In BQ24650 datasheet, for temperature qualification 103AT NTC thermistor is on battery pack, but not mounted on PCB. So I need to set up connector to connect this thermistor to PCB. Is there any requirement for the connection? I do not see the battery pack coming with 103AT. Where is the good location for me to mount 103AT on the battery?

Thanks,

Gansheng

Gansheng,

You are correct - the thermistor should be as close as possible to whatever it is monitoring. There is no real requirement that I am aware of - it just needs to be as close as possible, and have a good electrical connection. As far as a good location - just make sure they share a ground, the thermistor is physically close to the battery, and you can easily access all the terminals.

Hi,

In BQ24650 datasheet, it has thermistor connected to TS pin for temperature qualification.

In the document "Using the bq24650 to Charge a Sealed, Lead-Acid Battery-slva437a", there is no this thermistor. But there is one attached to the output battery pack, and connected to VFB pin. as below:

How would you these two different configuration for my 24V lead acid battery? and why/what does make it different? 

Thanks,

Gansheng

Another question also related to document "Using the bq24650 to Charge a Sealed, Lead-Acid Battery-slva437a". In this document, when it calculated current sensor resistor, it said that "It is generally recommended to charge lead-acid cells between 0.1-0.3 times the batterys maximum current rating during CC charging." But in BQ24650 datasheet, it directly use charging current for fomula: Rsr = (40 mV)/(Icharge). Which one would you think is better for lead-acid battery?

Thanks,
Gansheng

In regards to the thermistor question:

They are two different thermistors intended for two different purposes. In the top image, the thermistor monitors battery temp and will keep charging as long as the temp is in a safe range.

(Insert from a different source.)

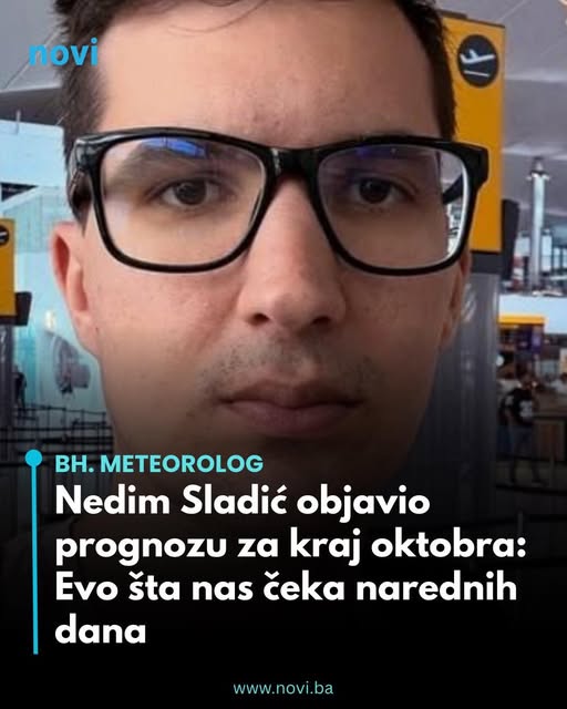 Nedim Sladić objavio prognozu za kraj oktobra. U nastavku teksta doznajte šta je rekao. Predstojeći dani donose promjenjivo vrijeme širom Bosne i Hercegovine, uz česte oblake, južni vjetar i povremene padavine. Nakon mirnijeg početka sedmice, atmosfera se ponovo destabilizuje, a meteorolozi najavljuju niz dana s izmjenom sunca, oblaka i kiše. Iako se ne očekuju obilne padavine, povremeni pljuskovi i jak vjetar bi mogli nakratko poremetiti svakodnevnicu građana.

For the bottom image: That thermistor is optional i believe. The purpose of that thermistor is to adjust the "float" charge voltage with temperature. You could add this to squeeze a bit more lifetime/performance out of your battery, but it may not be worth the hassle.

In regards to your charging current question: It is better to use 0.1-0.3*C (C being the charge rate/capacity) for lead acid. The datasheet equation just tells you how to pick your sense resistor value.

So, if you are wanting to charge a 10 AH lead acid battery, it is safe to "fast charge" with between 1 and 3 Amps. If we use the middle ground of 2 Amps, this gives a sense resistor value of 0.04 Volts /2 Amps = 0.02 Ohms.